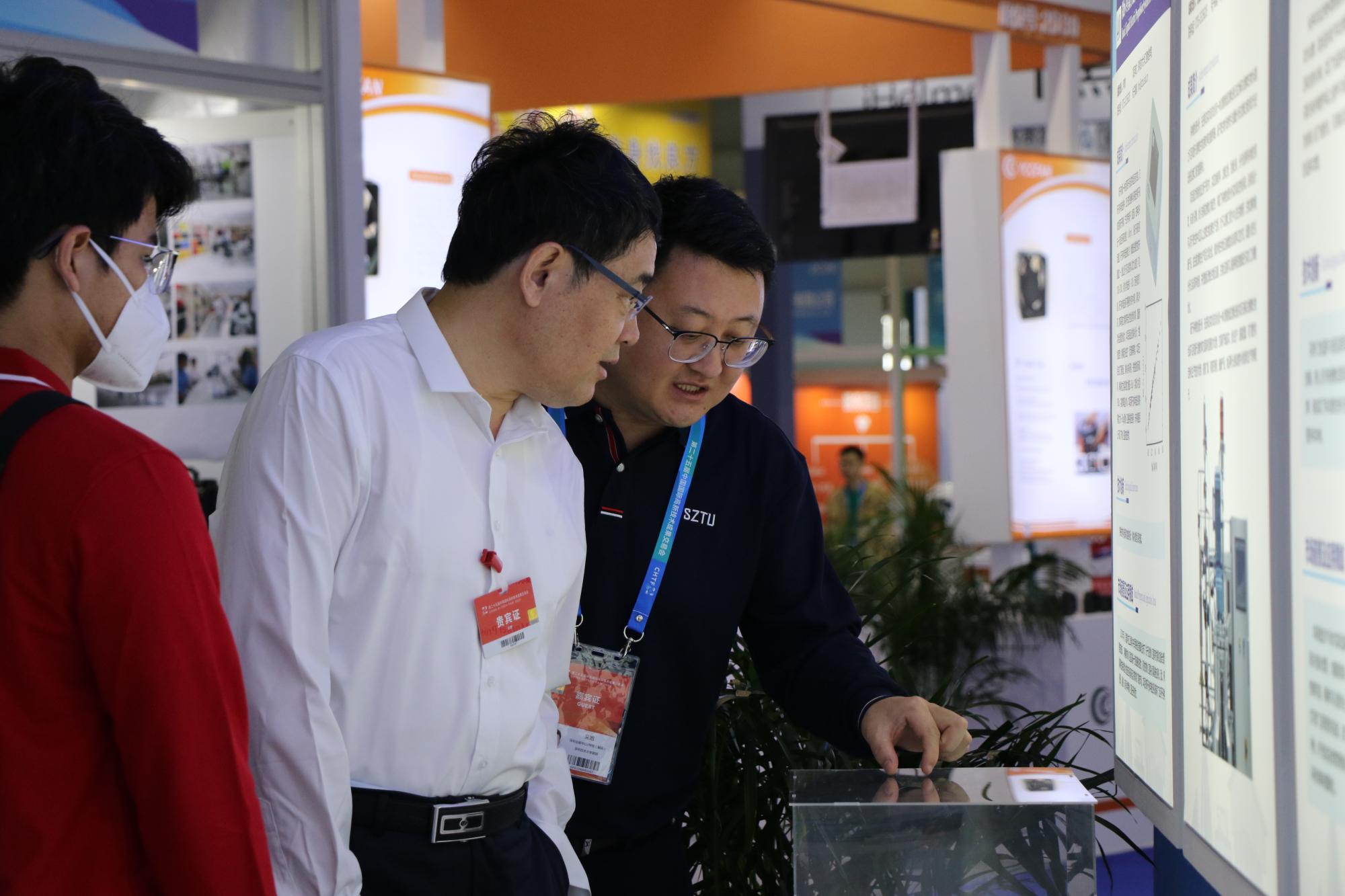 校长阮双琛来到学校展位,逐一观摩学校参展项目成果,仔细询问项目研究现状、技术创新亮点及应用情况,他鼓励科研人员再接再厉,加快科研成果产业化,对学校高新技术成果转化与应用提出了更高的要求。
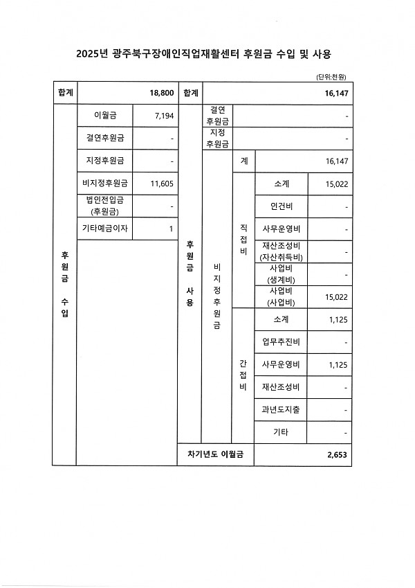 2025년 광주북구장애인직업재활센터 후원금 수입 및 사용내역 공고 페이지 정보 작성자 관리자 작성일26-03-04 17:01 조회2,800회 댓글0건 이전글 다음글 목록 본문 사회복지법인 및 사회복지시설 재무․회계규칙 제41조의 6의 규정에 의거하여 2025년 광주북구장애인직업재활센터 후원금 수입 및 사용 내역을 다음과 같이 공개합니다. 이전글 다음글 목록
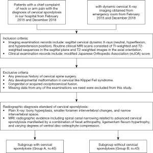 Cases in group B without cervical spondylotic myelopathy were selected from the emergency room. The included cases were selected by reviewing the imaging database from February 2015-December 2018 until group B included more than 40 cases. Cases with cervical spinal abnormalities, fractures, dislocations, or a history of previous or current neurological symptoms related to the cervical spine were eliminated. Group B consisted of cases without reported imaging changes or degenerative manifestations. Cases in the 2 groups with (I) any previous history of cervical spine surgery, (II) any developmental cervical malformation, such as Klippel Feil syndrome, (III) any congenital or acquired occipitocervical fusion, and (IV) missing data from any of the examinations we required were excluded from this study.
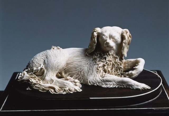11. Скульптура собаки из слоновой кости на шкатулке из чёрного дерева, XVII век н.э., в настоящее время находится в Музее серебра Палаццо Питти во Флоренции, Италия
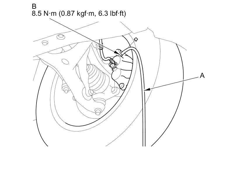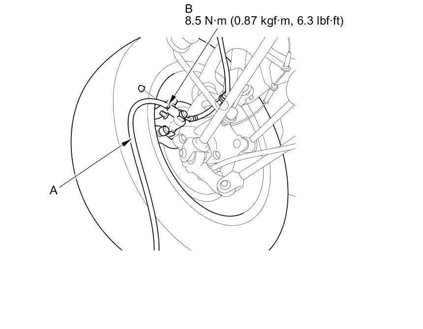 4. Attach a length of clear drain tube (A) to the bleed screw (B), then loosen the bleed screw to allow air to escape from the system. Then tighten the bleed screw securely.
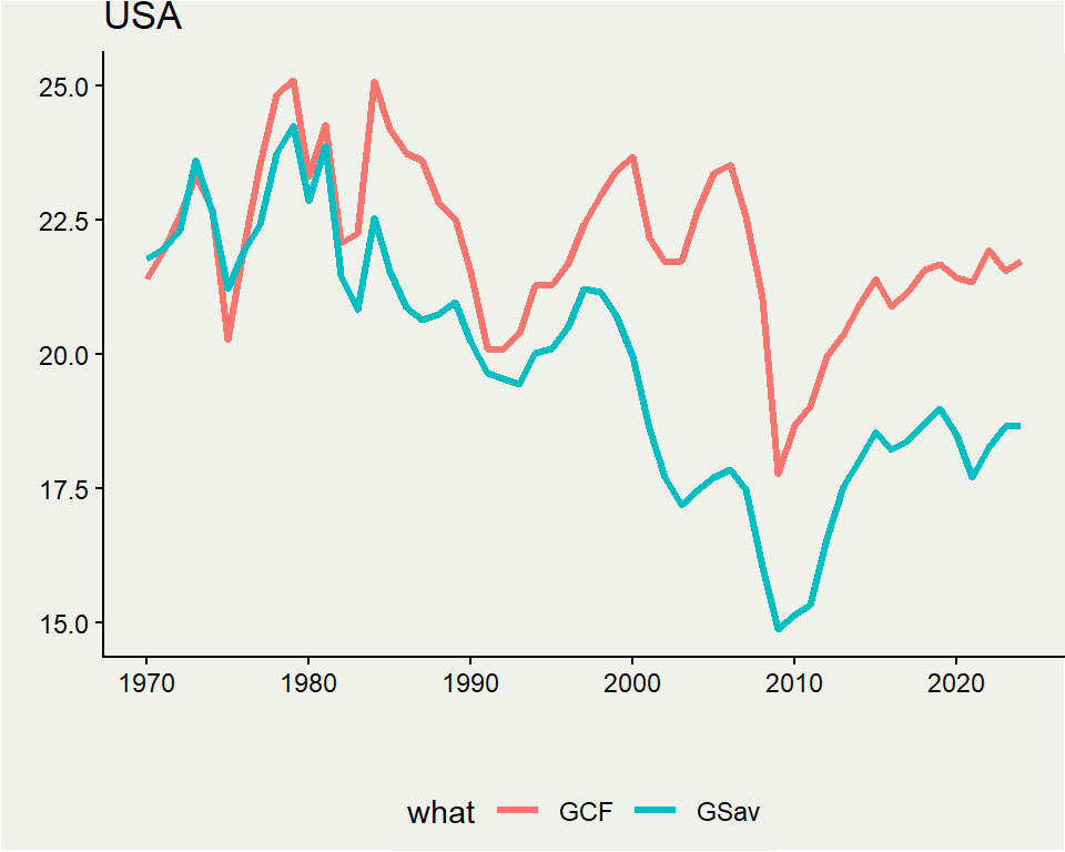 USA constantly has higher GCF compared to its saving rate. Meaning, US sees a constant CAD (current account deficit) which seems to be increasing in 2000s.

○ ○ ○ ○

▶ _Aim of the exercise_: Make an exact copy of the listing above. Its pictures are not needed.

▶ _Output_:
 校长阮双琛来到学校展位,逐一观摩学校参展项目成果,仔细询问项目研究现状、技术创新亮点及应用情况,他鼓励科研人员再接再厉,加快科研成果产业化,对学校高新技术成果转化与应用提出了更高的要求。
 2025년 광주북구장애인직업재활센터 후원금 수입 및 사용내역 공고 페이지 정보 작성자 관리자 작성일26-03-04 17:01 조회2,800회 댓글0건 이전글 다음글 목록 본문 사회복지법인 및 사회복지시설 재무․회계규칙 제41조의 6의 규정에 의거하여 2025년 광주북구장애인직업재활센터 후원금 수입 및 사용 내역을 다음과 같이 공개합니다. 이전글 다음글 목록
 Cases in group B without cervical spondylotic myelopathy were selected from the emergency room. The included cases were selected by reviewing the imaging database from February 2015-December 2018 until group B included more than 40 cases. Cases with cervical spinal abnormalities, fractures, dislocations, or a history of previous or current neurological symptoms related to the cervical spine were eliminated. Group B consisted of cases without reported imaging changes or degenerative manifestations. Cases in the 2 groups with (I) any previous history of cervical spine surgery, (II) any developmental cervical malformation, such as Klippel Feil syndrome, (III) any congenital or acquired occipitocervical fusion, and (IV) missing data from any of the examinations we required were excluded from this study.
11. Скульптура собаки из слоновой кости на шкатулке из чёрного дерева, XVII век н.э., в настоящее время находится в Музее серебра Палаццо Питти во Флоренции, Италия
 4. Attach a length of clear drain tube (A) to the bleed screw (B), then loosen the bleed screw to allow air to escape from the system. Then tighten the bleed screw securely.
 USA constantly has higher GCF compared to its saving rate. Meaning, US sees a constant CAD (current account deficit) which seems to be increasing in 2000s.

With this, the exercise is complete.